DVC experiments help record candidate runs, parameter differences, metrics, and comparison evidence without immediately rewriting main Git history. They do not prove that the candidate is semantically comparable, scientifically valid, environmentally stable, or appropriate for release. We still need to inspect the baseline, parameter changes, metric definitions, evaluation population, and release objective before calling a candidate valid.

The main lesson is that DVC preserves evidence; people still review meaning.

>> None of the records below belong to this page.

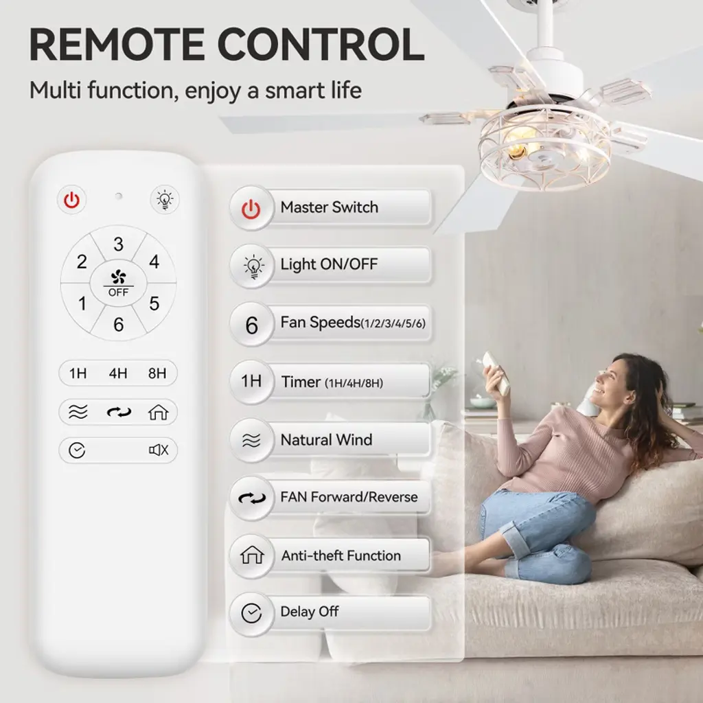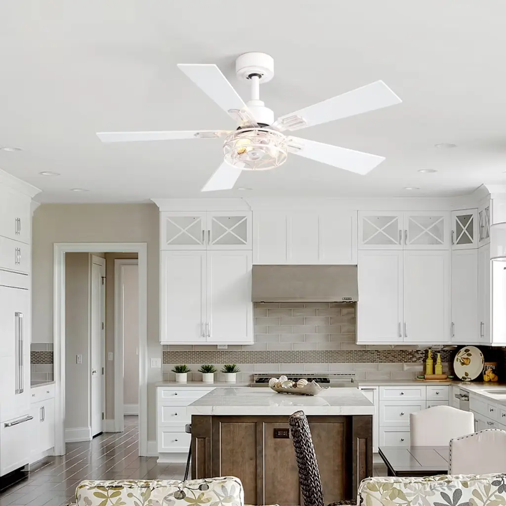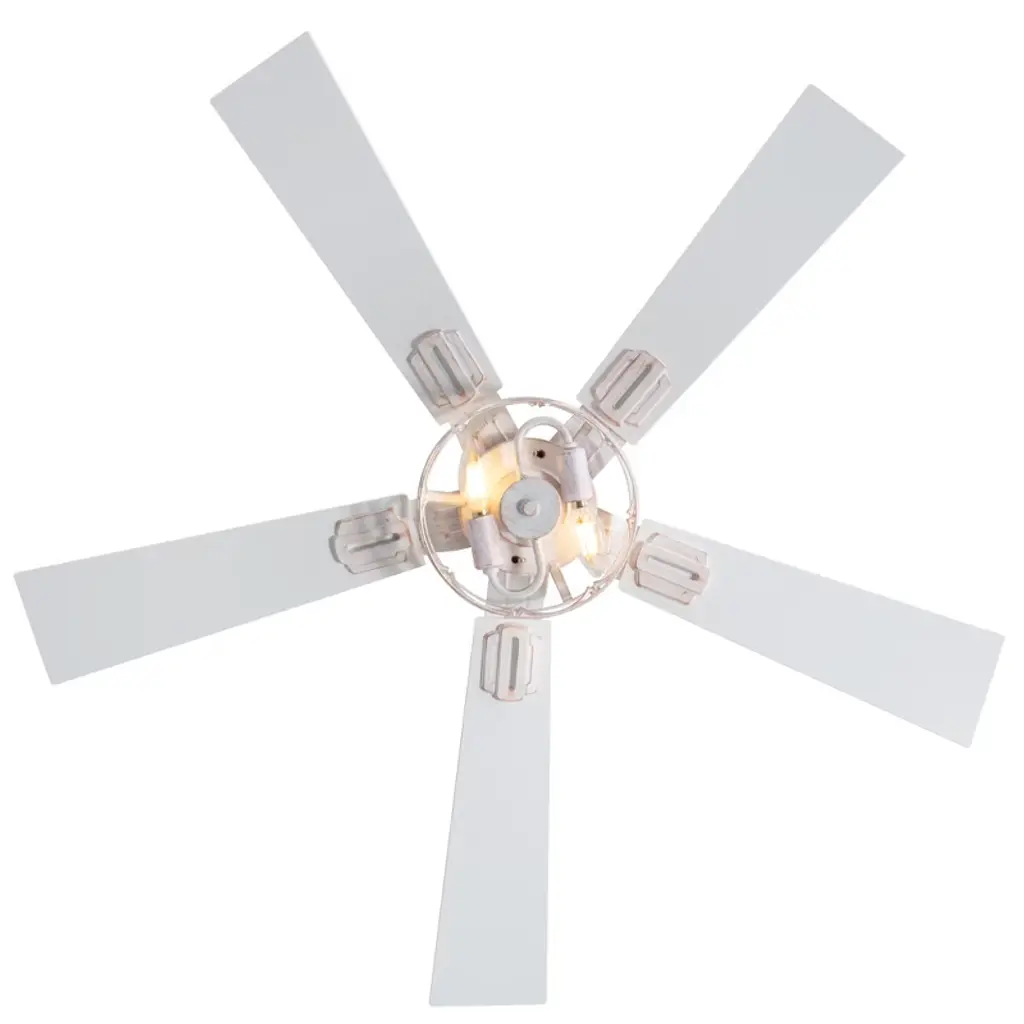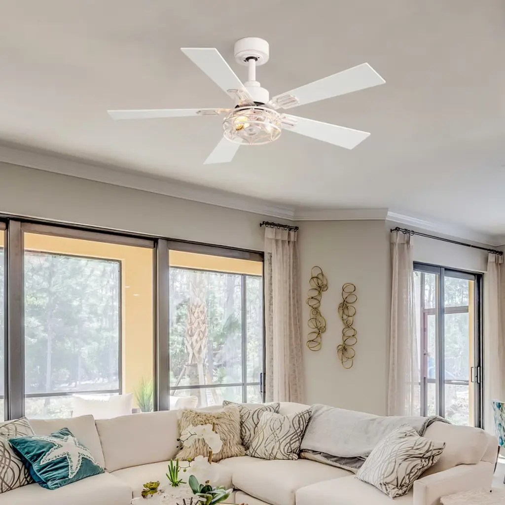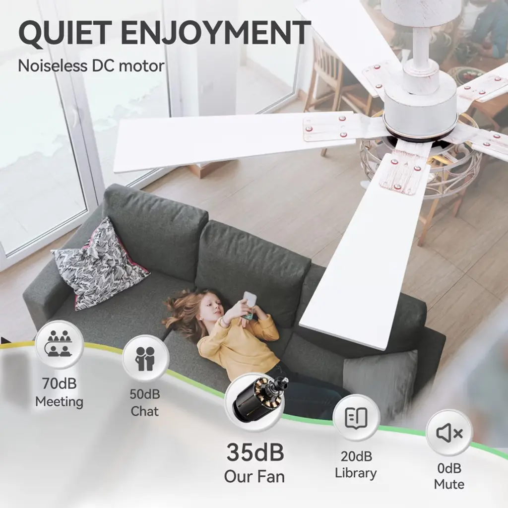 Elegant Function Meets Compact Power — Modern 42" Ceiling Fan in Brushed White Gold. Bring a fresh, modern upgrade to your space with this 42-inch ceiling fan in a sophisticated brushed white gold finish. Designed for smaller rooms, this fan features five sleek plywood blades for balanced airflow and stylish presence. The reversible, whisper-quiet motor provides year-round comfort — offering cool breezes in summer and warm air circulation in winter.Compatible with two E12 base bulbs (not included), the fan gives you flexibility in lighting style and brightness. The remote control allows for easy operation, while the light memory function ensures your preferred brightness returns with every use.
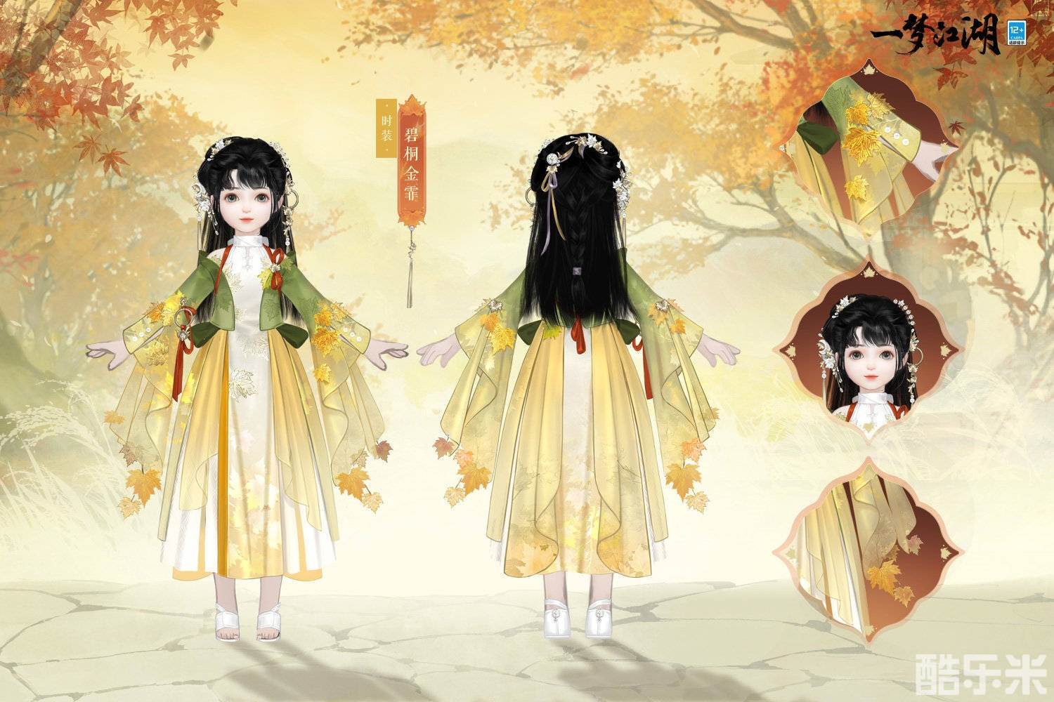 一梦江湖全新时装·碧桐金霏以最能代表秋季的金色与梧桐树间的碧色为主色调,整套时装采用双色交融渐变的设计,仿若初秋的阳光散落在梧桐树金黄与碧绿相间的枝头。时装·碧桐金霏以梧桐叶与枝干为元素制成精美装饰,在白色内衬之间缀满精致的花纹刺绣,并以浅金丝线点缀,给人以浓浓的秋日氛围感。
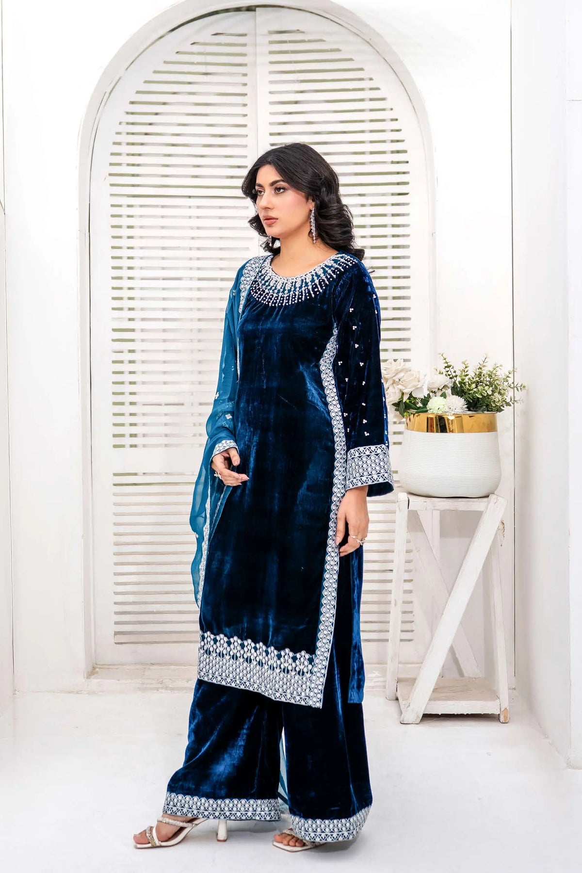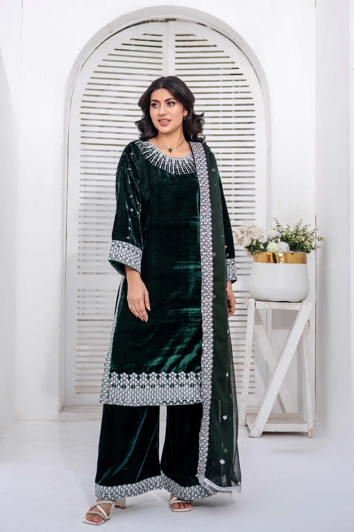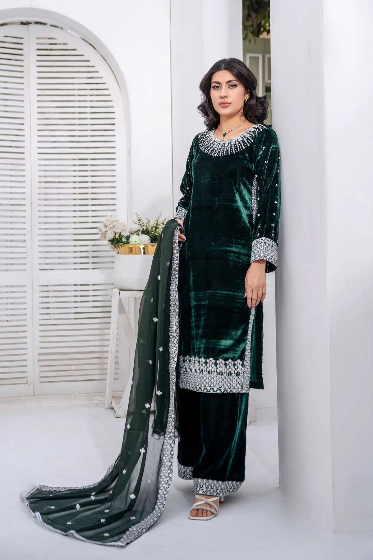 Step into elegance this season with our embroidered velvet masterpiece🪡, crafted for those who love timeless Pakistani fashion 💚. The rich velvet fabric gives a royal touch 👑, while the delicate chiffon dupatta adds a flowy, graceful charm 🌸.
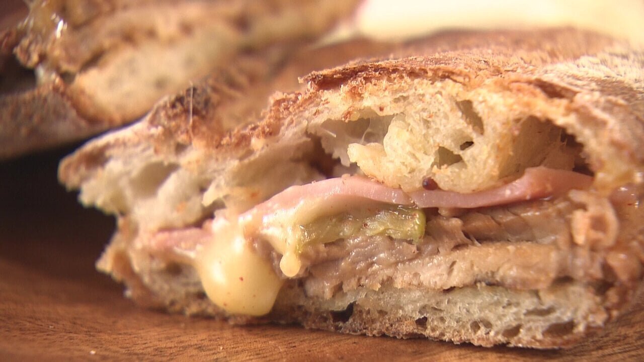 「キューバサンド」とは、ローストポークやハム、マスタード、チーズ、ピクルスなどを挟んだホットサンドのこと。
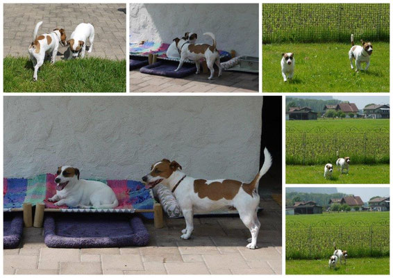 Nach ausgiebigem erschnüffeln von Mylo im zu Hause von Queenie, stand Grace mit Blick in die Ferne vor dem Wasserfall, als er angerannt kam, hui ui uiiiiiiiiiii. Nach kurzem Beschnuppern gab es kein Halten mehr. Über die Wiese hüpfen und wer ist wohl schneller, genossen sie zusammen ihr Spiel im Garten.

Answer 5: Decide promotion or discard

Before applying the candidate, inspect:

  • parameter diff
  • metric diff
  • baseline identity
  • evaluation population evidence
  • metric schema stability
  • whether the candidate has unrelated changes

After applying the candidate, check:

  • git diff
  • git status
  • expected params.yaml, metric, lock, or output changes
  • no unrelated workspace changes
  • review route output if the course capstone provides one

Strong promotion note should include:

  • threshold changed from 0.65 to 0.50
  • recall improved
  • precision decreased
  • population and metric meaning remained comparable, if verified
  • release objective prioritizes missed-escalation reduction
  • promotion is a recall-oriented threshold policy decision, not a pure model improvement claim

The main lesson is that applying is not promotion until the intended state is reviewed and committed.

Self-check

If your answers consistently explain:

  • what baseline state anchors the comparison
  • what each candidate is trying to learn
  • what DVC experiment evidence can and cannot prove
  • which tradeoffs matter for selection
  • why promotion needs applying, inspecting, and committing a defensible state

then you are using Module 06 correctly.